對映檔案 hand_label_map.pbtxt 內容如下，只有一個類別

item {
id: 1
name: 'hand'
}
複製程式碼

使用以下命令開始模型的遷移訓練， train_dir 為模型輸出路徑， pipeline_config_path 為配置項路徑

python retrain.py --logtostderr --train_dir=output/ --pipeline_config_path=ssd_mobilenet_v1_coco.config
複製程式碼

模型遷移訓練完畢後，在 output 資料夾中即可看到生成的 .data 、 .index 、 .meta 等模型檔案

使用TensorBoard檢視模型訓練過程，模型總損失如下

tensorboard --logdir='output'
複製程式碼

最後，再使用 export_inference_graph.py 將模型打包成 .pb 檔案

--pipeline_config_path ：配置檔案路徑
--trained_checkpoint_prefix ：模型checkpoint路徑
--output_directory ： .pb 檔案輸出路徑

python export_inference_graph.py --input_type image_tensor --pipeline_config_path retrain/ssd_mobilenet_v1_coco.config--trained_checkpoint_prefix retrain/output/model.ckpt-153192 --output_directory hand_detection_inference_graph
複製程式碼

執行後會生成資料夾 hand_detection_inference_graph ，裡面可以找到一個 frozen_inference_graph.pb 檔案

應用

現在便可以使用訓練好的手部檢測模型，實現一個手部實時檢測器

主要改動以下三行程式碼即可

PATH_TO_CKPT = 'hand_detection_inference_graph/frozen_inference_graph.pb'
PATH_TO_LABELS = 'retrain/hand_label_map.pbtxt'
NUM_CLASSES = 1
複製程式碼

完整程式碼如下

# -*- coding: utf-8 -*-

import numpy as np
import tensorflow as tf

from utils import label_map_util
from utils import visualization_utils as vis_util

import cv2
cap = cv2.VideoCapture(0)

PATH_TO_CKPT = 'hand_detection_inference_graph/frozen_inference_graph.pb'
PATH_TO_LABELS = 'retrain/hand_label_map.pbtxt'
NUM_CLASSES = 1

detection_graph = tf.Graph()
with detection_graph.as_default():
od_graph_def = tf.GraphDef()
with tf.gfile.GFile(PATH_TO_CKPT, 'rb') as fid:
od_graph_def.ParseFromString(fid.read())
tf.import_graph_def(od_graph_def, name='')

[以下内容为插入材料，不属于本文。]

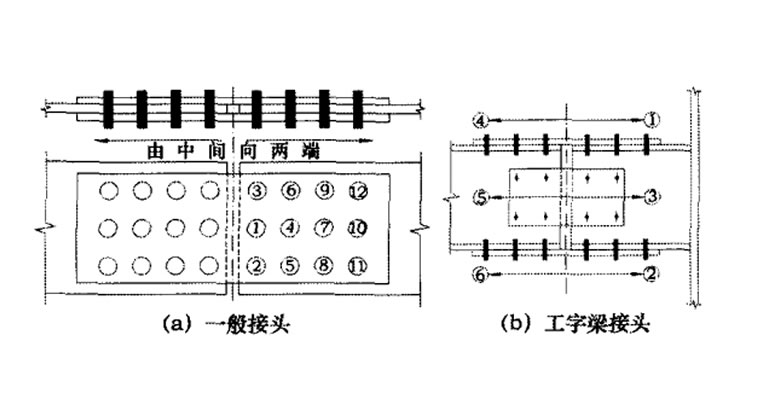 3、施擰時,應嚴格遵循先中間、后四邊,先接頭剛度大的部位后約束小的部位進行施擰。圖4為一般節(jié)點接頭及工字梁接頭螺栓施擰順序 。

label_map = label_map_util.load_labelmap(PATH_TO_LABELS)
categories = label_map_util.convert_label_map_to_categories(label_map, max_num_classes=NUM_CLASSES, use_display_name=True)
category_index = label_map_util.create_category_index(categories)

with detection_graph.as_default():
with tf.Session(graph=detection_graph) as sess:
image_tensor = detection_graph.get_tensor_by_name('image_tensor:0')
detection_boxes = detection_graph.get_tensor_by_name('detection_boxes:0')
detection_scores = detection_graph.get_tensor_by_name('detection_scores:0')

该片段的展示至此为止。